RESPONSABILITE CIVILE – Détournements par la chef comptable – Point de départ de la prescription contre le commissaire aux comptes – Prescription partielle – Défaut d’application des NEP – Perte de chance de mettre fin aux détournements dans les meilleurs délais – Incidences de la faute de la victime –Tribunal judiciaire de Paris (1ère Ch. civ., 3ème sect.) 19 mai 2025, n° RG 17/02008 - Note Ph. Merle
Il résulte de l’article L. 821-38 C. com., d'une part, que la prescription triennale de l'action en responsabilité exercée contre un commissaire aux comptes court à compter du fait dommageable, lequel ne peut résulter que de la certification des comptes à laquelle il a procédé et, d'autre part, que ce n'est que lorsque le commissaire aux comptes a eu la volonté de dissimuler des faits dont il a eu connaissance à l'occasion de la certification des comptes qu'elle court à compter de la révélation du fait dommageable.
En l’espèce, il n'est ni établi ni même allégué que le commissaire aux comptes ait lui-même participé aux détournements litigieux ou volontairement dissimulé leur commission dont il aurait eu connaissance au moment de la certification des comptes.
La non-application correcte de six normes (NEP 240, 315, 330, 505, 520, 500) est constitutive de fautes et de négligences du commissaire aux comptes.
La circonstance que la direction de la société victime se soit révélée défaillante dans le cadre de la mise en œuvre du contrôle interne et que ces dysfonctionnements aient donné à la chef comptable les moyens de son action délinquante, n'est pas de nature à retirer au comportement du commissaire aux comptes son caractère fautif.

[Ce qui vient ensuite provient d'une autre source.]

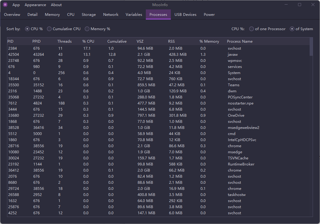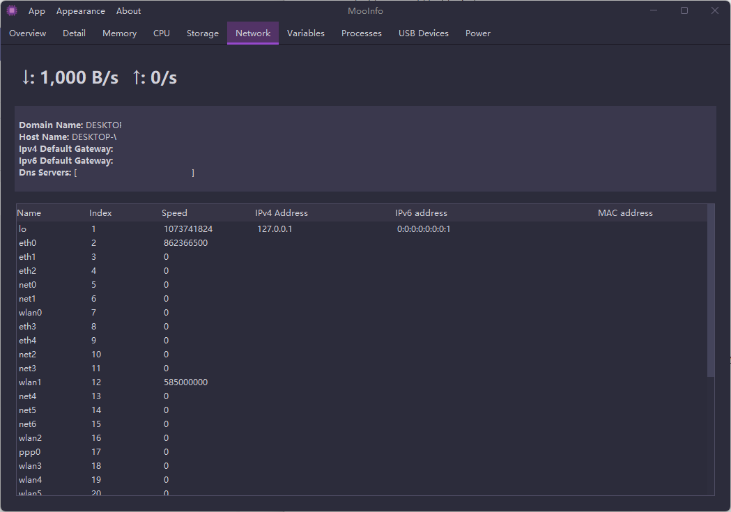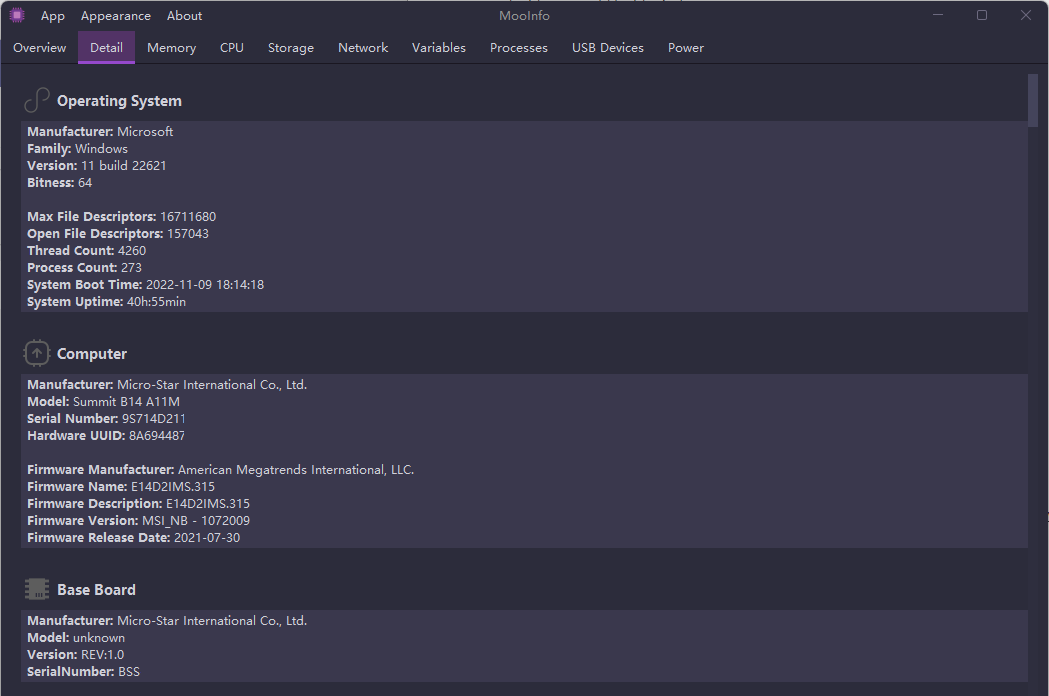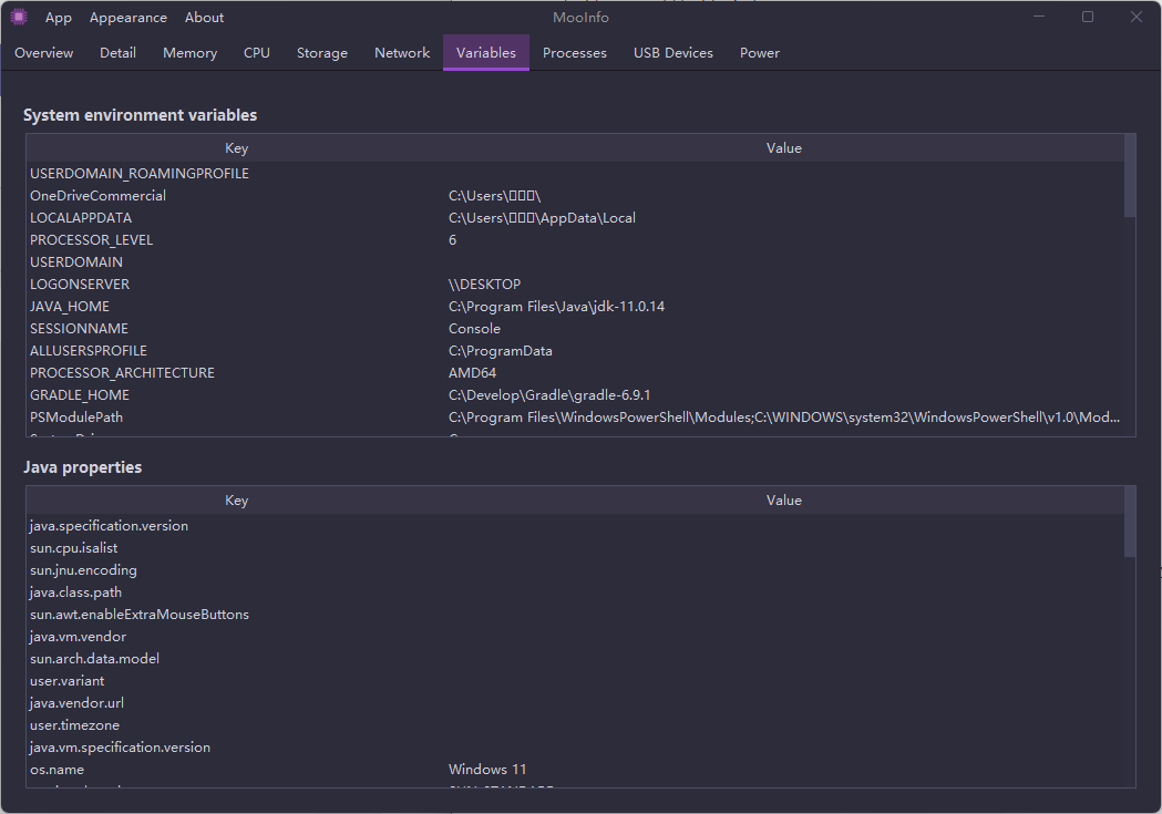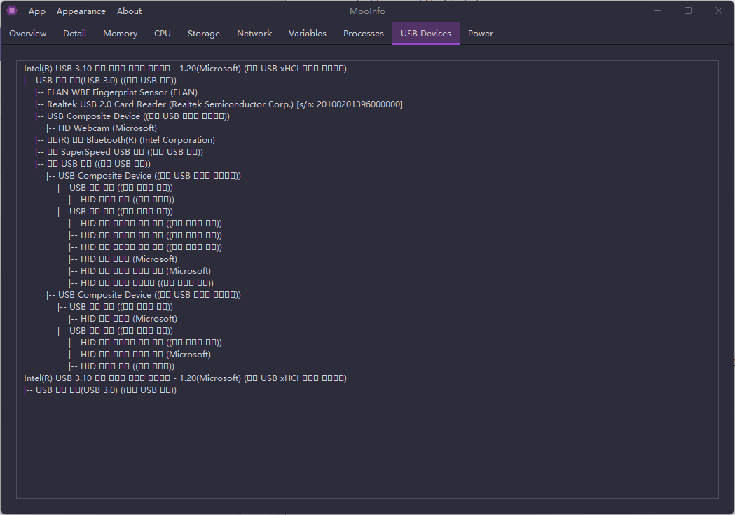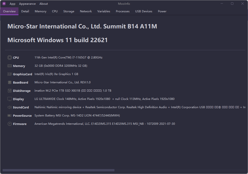 - Overview, Detail, Memory, CPU, Storage, Network, Variables, Processes, USB Devices, Power - 총 10개 탭으로 구성

En ce qui concerne le préjudice des demandeurs, il ne ressort pas du dossier que les réserves auxquelles auraient dû conduire les diligences omises ou insuffisamment accomplies par le commissaire aux comptes eussent, à elles-seules, empêché la poursuite des détournements. Le préjudice subi a consisté dans la perte d'une chance de mettre fin auxdits détournements dans les meilleurs délais.
La faute de la victime, notamment la négligence des dirigeants de la société dans les procédures de contrôle interne, est de nature à réduire des deux tiers le droit à indemnisation des demandeurs.